Само его появление в её сером мире было подобно вспышке – он носил косуху, с которой не расставался даже в слякоть, и его рыжие волосы вечно торчали забавным вихрем, будто повторяя неукротимую энергетику хозяина. В смугловатом лице с живым роем веснушек особенно выделялись глаза – светлые, почти прозрачно-зелёные, которые всегда смеялись, даже когда он молчал. А когда он ухмылялся, в уголках его губ появлялась одна-единственная, но бездонная ямочка, в которую, казалось, можно провалиться.
Он излучал такой мощный, солнечно-оранжевый поток жизненной силы и азарта, что он почти не больно бил по глазам. Это было, как стоять у костра – тепло, ярко, завораживающе.
Он засыпал её сообщениями, таскал на крыши домов смотреть на город, смешил до слёз. Его оранжевая аура была таким контрастом её серой повседневности, что Яна опьянела. Ей казалось, что она наконец-то нашла то, что искала – человека, чья суть была такой же яркой и простой, как его оранжевая аура, который сияет так ярко, что затмевает весь остальной шумный мир.
Он впервые поцеловал её на той самой крыше, где над головой раскинулось бесконечное бархатное небо, усеянное редкими, но яростно горящими ранними звёздами. Огни города растекались золотисто-медовыми реками, и где-то вдали горел алмазный огонёк телебашни. Воздух был прохладным и прозрачным, пахнущим высотой и свободой. Казалось, весь мир замер в предвкушении чего-то прекрасного, подставив спину холодному ветру и сверкающему куполу ночи.

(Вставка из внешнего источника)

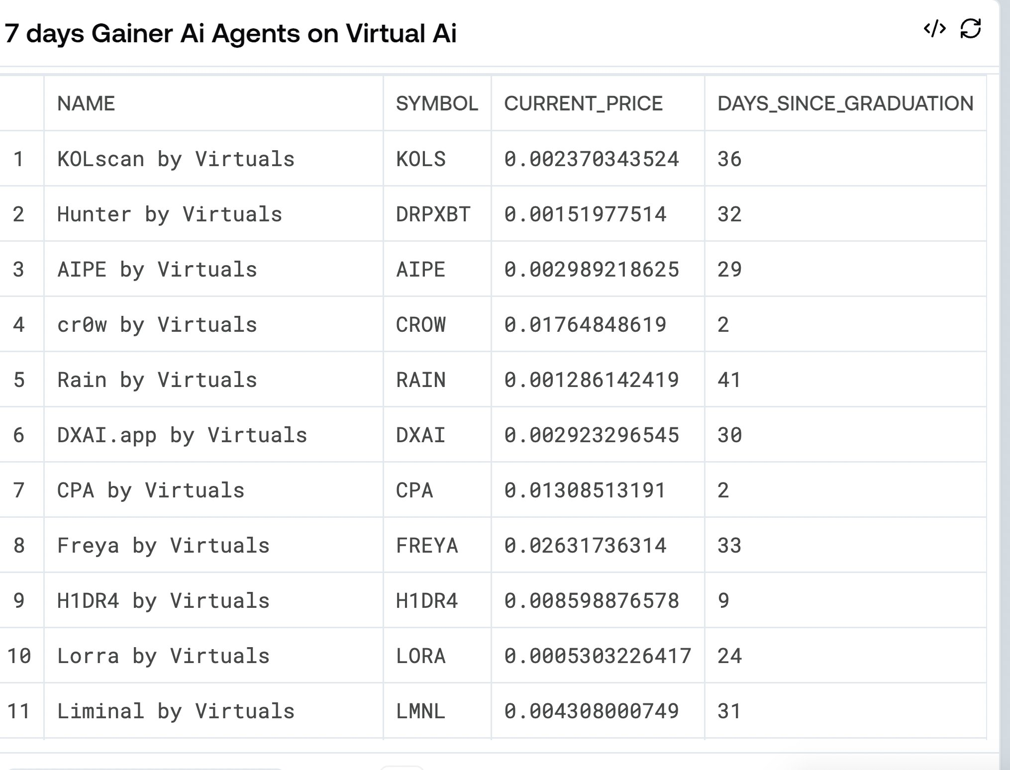 关注持续上涨的代币,那些毕业后持续吸引关注的代币,往往具备更多上涨潜力。此外,通过一定时间增长表格追踪强势代币,发现市场动能最强的代理。

Глаза у неё были закрыты, губы тёплые. И Яна, сама того не желая, увидела. Увидела, как на ослепительном оранжевом фоне его ауры проступили пятна. Мутные, болотно-зелёные разводы. Они ползли, как плесень, затуманивая сознание.
Он думал о другой. Вчерашняя вечеринка, другая девушка, её смех. Он лгал. Лгал о том, где был. Лгал о том, что чувствует в этот самый момент. Его поцелуй был горячим, а его истинные мысли – склизкими и холодными, как эти зелёные пятна.
Яна оттолкнула его. Он смотрел на неё с искренним, оранжевым удивлением. Он даже не понимал, что его разоблачили. Он просто переключил канал. Для него это не было ложью – это было удобной версией правды.
– Что такое? – спросил он, и его голос всё ещё звучал для неё как обман.
– Я всё вижу, – прошептала она, отступая. – Всё зелёное… эта ложь…
Он не понял. Счёл её сумасшедшей. Его оранжевый цвет померк, сменился обидным, колючим алым. Они разбежались. Она потом неделю отмывала с картин зелёную грязь.
Яна отвела руку от холста и потянулась к другому, стоящему рядом. Он был меньше, скромнее. «Кирилл. Голубая глубина».